Our API Server knows nothing about accounts. It accepts an identity token signed by a valid issuer (currently only one, from the .ini file) and provides an access token in response, associated with a tuple of (user, issuer). Our database searches are segmented on issuer, so we can in theory have multiple sandboxes for annotations belonging to the users of different services (the use case I'm leaving out for now).

I have a feeling that the API Server should, at its core, stay pretty stupid. Right now, since its access tokens are JWTs, it can validate these with the known credentials in an otherwise stateless fashion. It would be wise for us to stop assuming this and start storing bearer tokens.

However, I'd like to keep client credentials out of the API Server as much as possible. For the 3rd-party application consuming Hypothesis users scenario, our Account Server is still the only valid issuer. No credential storage required. In order to authorize third party applications, though, our Account Server does need to be able to issue and store client credentials.

Here's what I think we need for the API Server:

Here's what I think we need for the Account Server:

I have more thoughts about the use case of BYO-users, but let's clarify this issue to be only about the other and discuss that separately.

BigBlueHat commented 9 years ago

:+1: to keeping this focused on the Hypothes.is user + "other" application use-case.

I'm making issues for each of those bullet points (on h), and connecting them here. Hope that's helpful.

judell commented 9 years ago

A lot of moving parts, all needed in the long run. Shorter-term, can we provide early-adopters/tirekickers with long-lived tokens they can pass on the URL-line, to make experimentation frictionless?

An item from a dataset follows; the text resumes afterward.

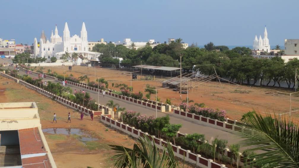 If you leave the church and walk straight along the approach to the south, you will reach the Bay of Bengal in the Indian Ocean, where many pilgrims enjoy the seaside.

tilgovi commented 9 years ago

I don't think any part of this is actually that complicated and the groundwork is there. If we want to do it let's just talk next week about the cost.

judell commented 9 years ago

OK. To be clear I'm looking for a way to simplify experimentation with the API. Even just name+pw over https as a starter. It's early days and we need a low activation threshold to ensure interested devs can tirekick and give feedback.

BigBlueHat commented 9 years ago

:+1: for HTTP Basic Auth over https...for now.

In the past we've run up against the "but we're gonna change the API...so don't tell people to use it." Let's just declare it as "experimental" / "highly subject to change" (in a blog post, etc), and work harder (/me volunteers) to craft a more dependable API deliverable (alongside our W3C work) to get this ready for production consumption.

Sound like a plan? :smiley:

My personal user story:

As a developer advocate, I want stuff to give to developers, so that they can develop.